• _Work item_
Give back all of the data exactly as it stands, with the pictures removed.

• _Recorded information_
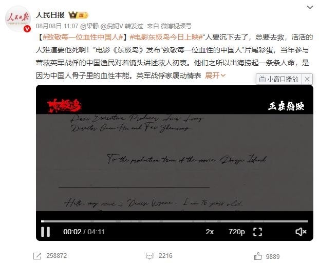 贵寓参考:新浪微博|电影东极岛东说念主民日报|致意每一位血性的中国东说念主
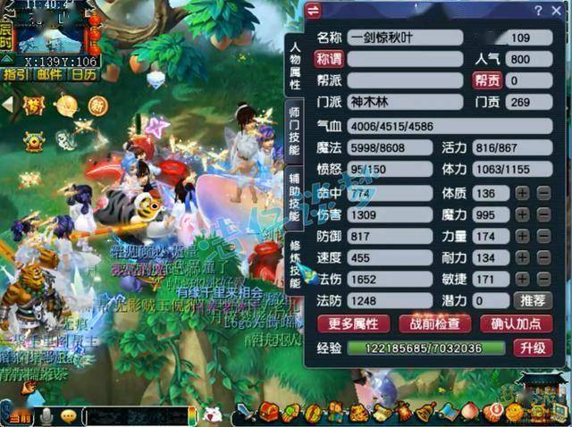109级神木林没打临时符的面板属性,打符之后法伤能达到1800左右,对109级来说已经非常不错了。
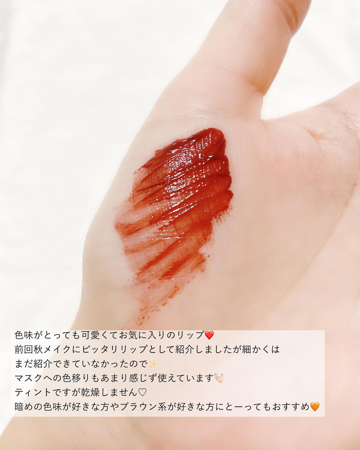 🤎RICAFROSHジューシーリブティント08 レイシ―ビスケ🤎こってりめのテクスチャーで発色がよく、見たままのカラーに発色します😊色持ちもよく、飲食しても落ちにくく、夜までほんのりと色が残っていました✌🏻✨甘すぎない大人なピンクベージュで肌...
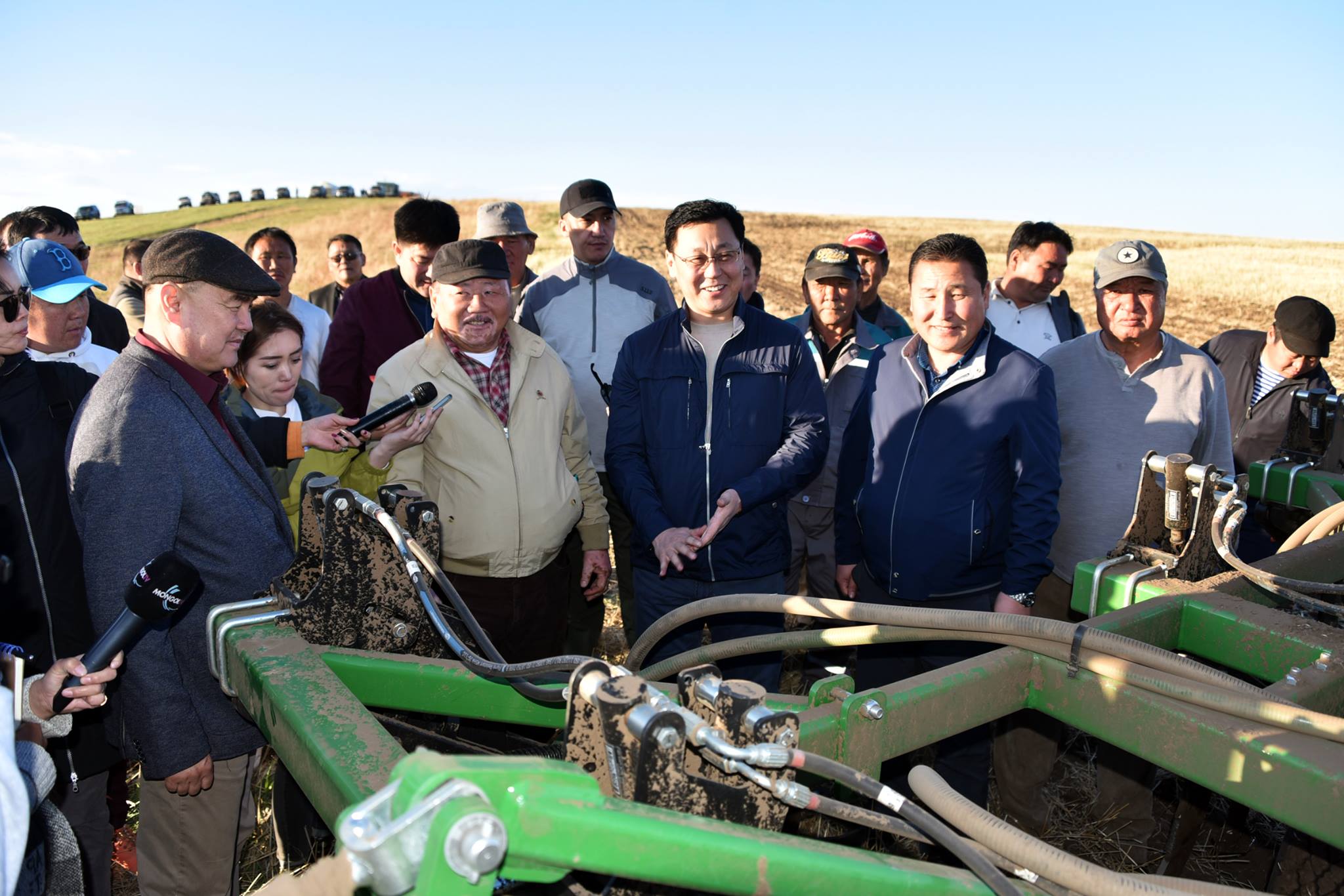 Ерөнхий сайд Ж.Эрдэнэбат дараа нь Дархан-Уул аймгийн Хонгор сумын “Газар өгөөж” ХХК-ийн хаврын тариалалтын явцтай танилцлаа.

• _Response for this exercise_
 贵寓参考:新浪微博|电影东极岛东说念主民日报|致意每一位血性的中国东说念主
109级神木林没打临时符的面板属性,打符之后法伤能达到1800左右,对109级来说已经非常不错了。
 🤎RICAFROSHジューシーリブティント08 レイシ―ビスケ🤎こってりめのテクスチャーで発色がよく、見たままのカラーに発色します😊色持ちもよく、飲食しても落ちにくく、夜までほんのりと色が残っていました✌🏻✨甘すぎない大人なピンクベージュで肌...
 Ерөнхий сайд Ж.Эрдэнэбат дараа нь Дархан-Уул аймгийн Хонгор сумын “Газар өгөөж” ХХК-ийн хаврын тариалалтын явцтай танилцлаа.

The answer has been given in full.